*WHAT THE EXERCISE ASKS:* Starting from the line in which "资料图:金寨县花石乡大湾村的光伏、充电一体化5G智能充电站。(范柏文 摄)" appears, set down each line exactly through the end of the listing, and nothing else. Leave out pictures.

*TASK INPUTS:*
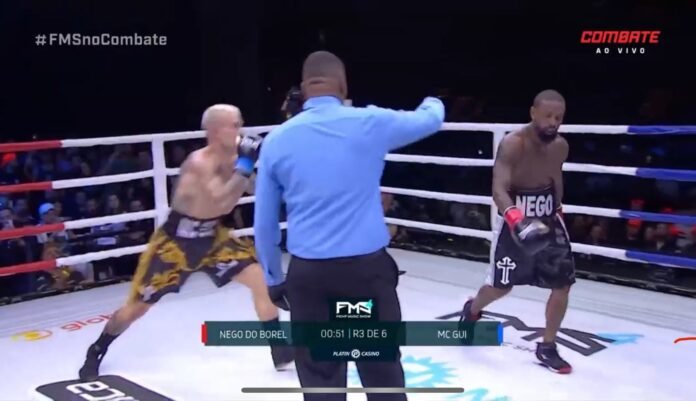 MC Gui venceu Nego do Borel por nocaute técnico no segundo round da luta que aconteceu no Fight Music Show 4, no dia 24 de fevereiro de 2024, na Arena Vibra São Paulo.
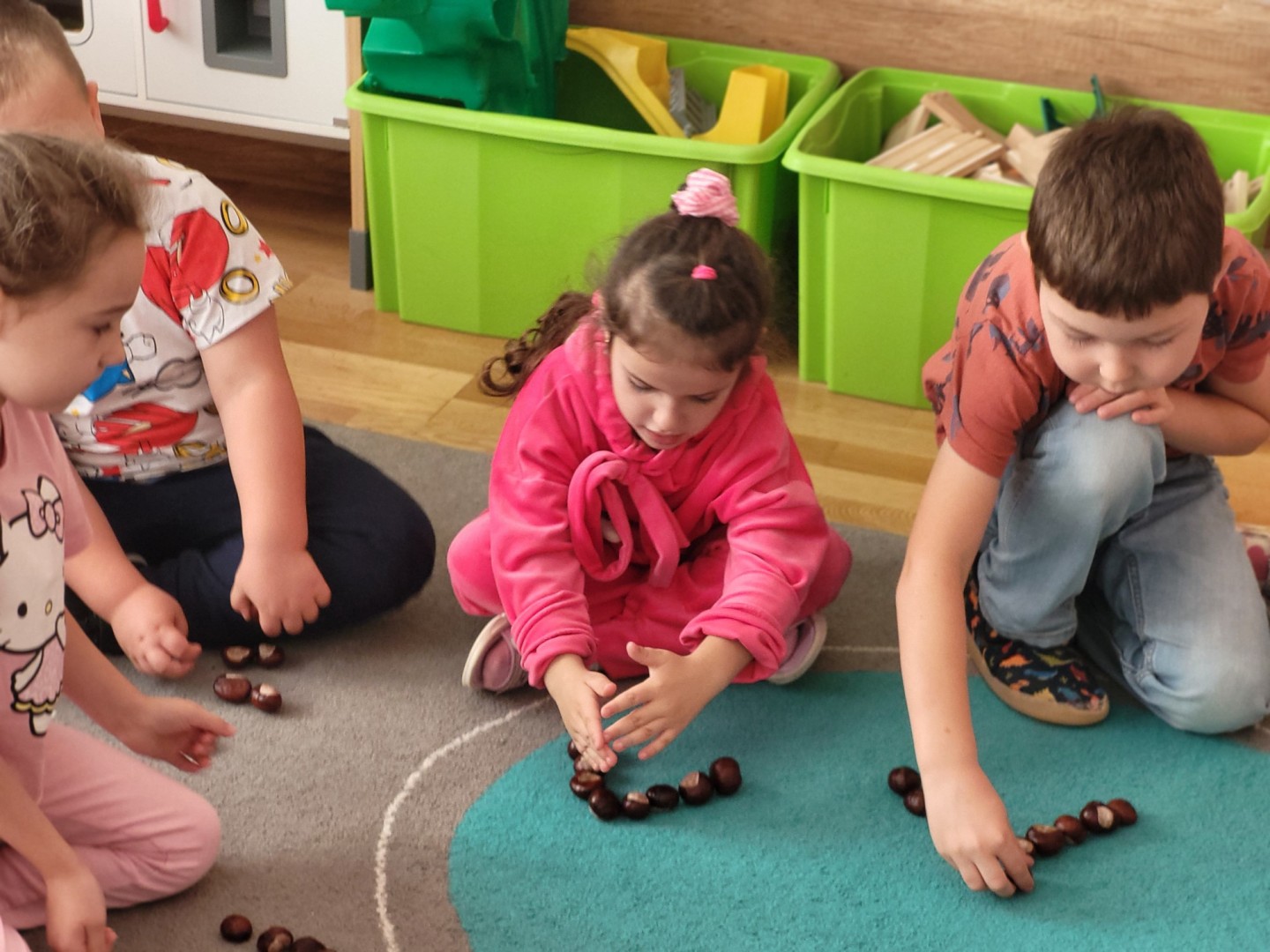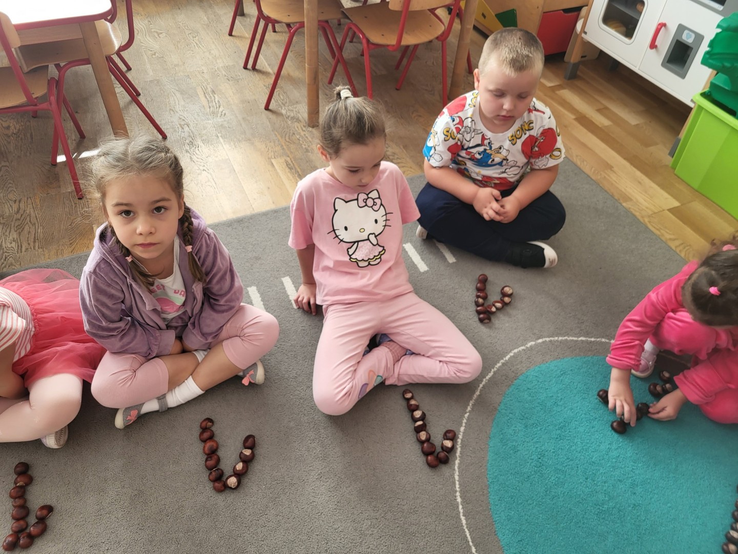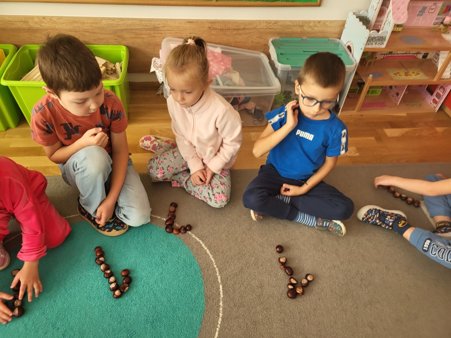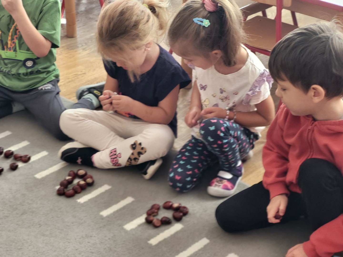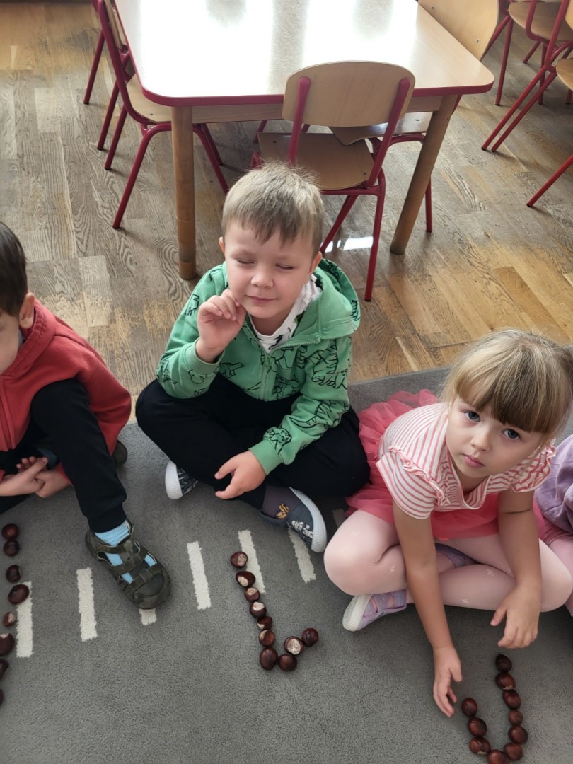W dniach 20.10-24.10. 2025r. w grupie „Zajączki” realizowany był projekt edukacyjny pt. „Matematyka w jesiennej przyrodzie ukryta”. Przygotowaniem do zajęć było zgromadzenie jesiennych darów podczas spacerów po najbliższej okolicy przedszkola. W ramach zaproponowanych zajęć dzieci uczyły się liczyć ; mierzyć; ważyć; układać rytmy; klasyfikować przedmioty; określać: mniejszy/większy, dłuższy/ krótszy, mniej/więcej/ tyle samo; orientować się w przestrzeni poprzez odczytywanie wskazań strzałki. Wykonywały również proste działania matematyczne: dodawanie, odejmowanie. Zwieńczeniem realizowanego projektu było wykonanie „ Drzewa Matematycznego”.
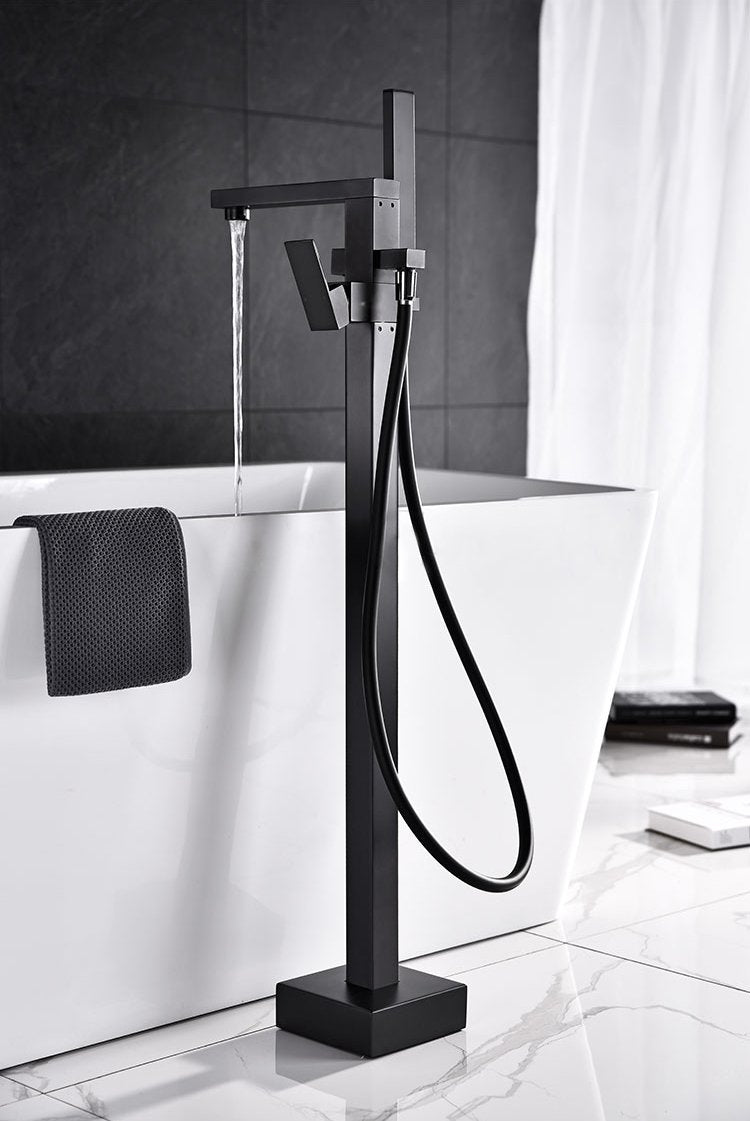 Matte Black Freestanding Single Handle Bathtub Faucet with Handheld Sprayer
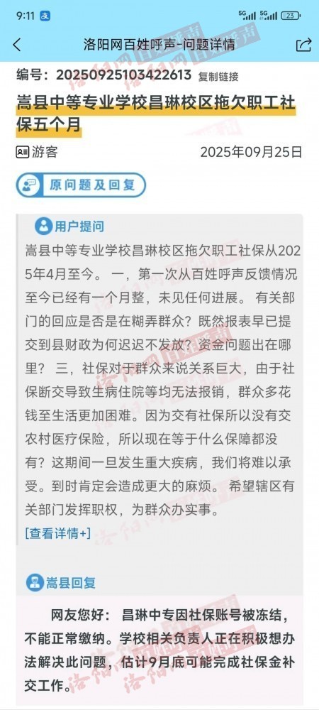 从2025年四月开始拖欠社保至今,,社保医保等一系列福利无法使用。此问题涉及群众切身利益,多次反应始终没有解决。
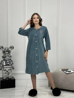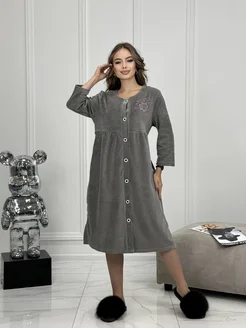 Домашний велюровый халат на пуговицах
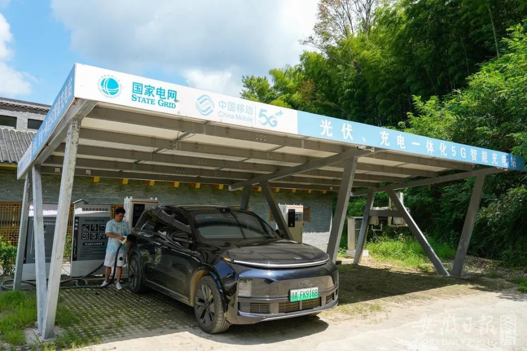 资料图:金寨县花石乡大湾村的光伏、充电一体化5G智能充电站。(范柏文 摄)
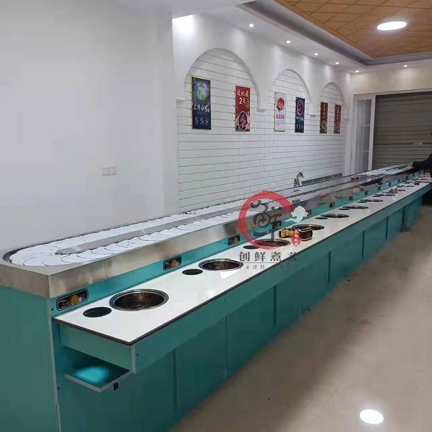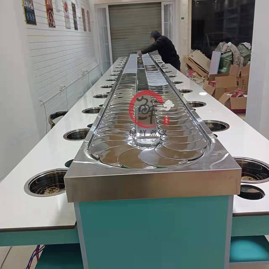 主要采用304不锈钢材质和工程塑料等美观 卫生的材料制造而成,输送链板采用304不锈钢制造,输送方向,速度任意可调,是各种自助火锅,自助早餐的时尚设备。采用苏亮等荷叶片,变频器采用220V,2HP-系列,线速2-8米/分钟可调,伊派电磁炉加热块,纯铜线丝更稳定 .
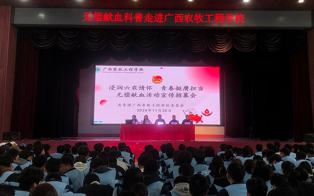 为了促进无偿献血活动的顺利开展,11月25日下午,校团委组织农职大专班、2022级等22个班级在大礼堂召开了无偿献血活动宣传招募会,首先团市委社联部部长余升致辞,为我校的青年学子们加油鼓励,接着广西血液中心采血科科长唐丽娟对血液相关知识及献血注意事项进行了宣讲,宣讲结束后,同学们纷纷表示积极参加献血活动。
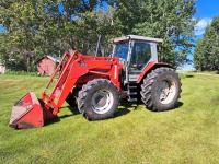 Massey 848 loader, Q/A, bucket, 60 inch bale forks, Perkins 1006-6T7 6 L 6 cylinder diesel engine, 115 PTO HP, 32 speed Dyna Shift partial power shift transmission, cab, left hand reverser, joystick, A/C, radio, upgraded stereo, 540/1000 PTO, 3 point hitch, 2 rear hydraulic outlets, 16.9R28 front tires, 20.8R38 rear tires
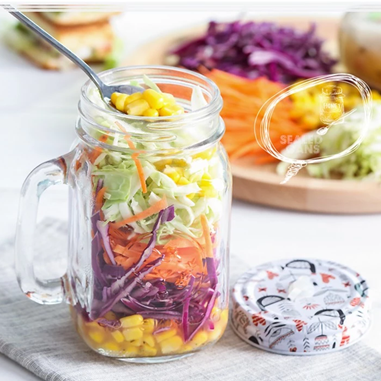 The Mason bottle is separated from the bottle and the lid. The lid has one-piece, two-piece, perforated, and even a piggy bank lid. The secret to make it sealed is the two-piece lid. Put the glass bottle in hot water to keep it at a certain temperature. Put the finished hot jam into the bottle, then close the lid and put it back in hot water to heat it, and finally put it at room temperature. cool down.
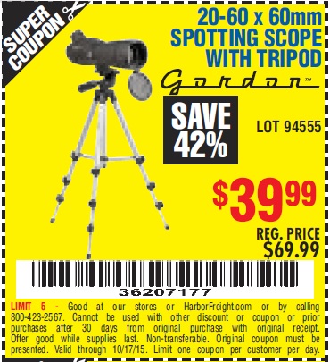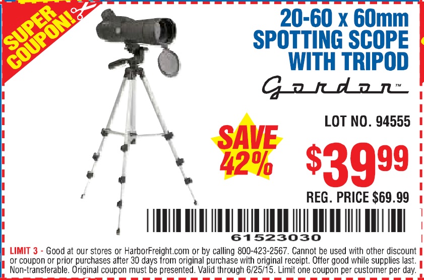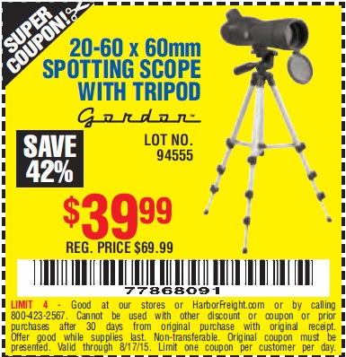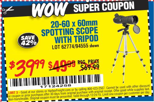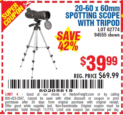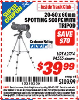 20-60 X 60 MM SPOTTING SCOPE WITH TRIPOD Lot No. 62774 Expired: 6/25/15 - $39.99 Coupon Code: '61523030'

*YOUR RESPONSE:*
 资料图:金寨县花石乡大湾村的光伏、充电一体化5G智能充电站。(范柏文 摄)
 主要采用304不锈钢材质和工程塑料等美观 卫生的材料制造而成,输送链板采用304不锈钢制造,输送方向,速度任意可调,是各种自助火锅,自助早餐的时尚设备。采用苏亮等荷叶片,变频器采用220V,2HP-系列,线速2-8米/分钟可调,伊派电磁炉加热块,纯铜线丝更稳定 .
 为了促进无偿献血活动的顺利开展,11月25日下午,校团委组织农职大专班、2022级等22个班级在大礼堂召开了无偿献血活动宣传招募会,首先团市委社联部部长余升致辞,为我校的青年学子们加油鼓励,接着广西血液中心采血科科长唐丽娟对血液相关知识及献血注意事项进行了宣讲,宣讲结束后,同学们纷纷表示积极参加献血活动。
 Massey 848 loader, Q/A, bucket, 60 inch bale forks, Perkins 1006-6T7 6 L 6 cylinder diesel engine, 115 PTO HP, 32 speed Dyna Shift partial power shift transmission, cab, left hand reverser, joystick, A/C, radio, upgraded stereo, 540/1000 PTO, 3 point hitch, 2 rear hydraulic outlets, 16.9R28 front tires, 20.8R38 rear tires
 The Mason bottle is separated from the bottle and the lid. The lid has one-piece, two-piece, perforated, and even a piggy bank lid. The secret to make it sealed is the two-piece lid. Put the glass bottle in hot water to keep it at a certain temperature. Put the finished hot jam into the bottle, then close the lid and put it back in hot water to heat it, and finally put it at room temperature. cool down.
 20-60 X 60 MM SPOTTING SCOPE WITH TRIPOD Lot No. 62774 Expired: 6/25/15 - $39.99 Coupon Code: '61523030'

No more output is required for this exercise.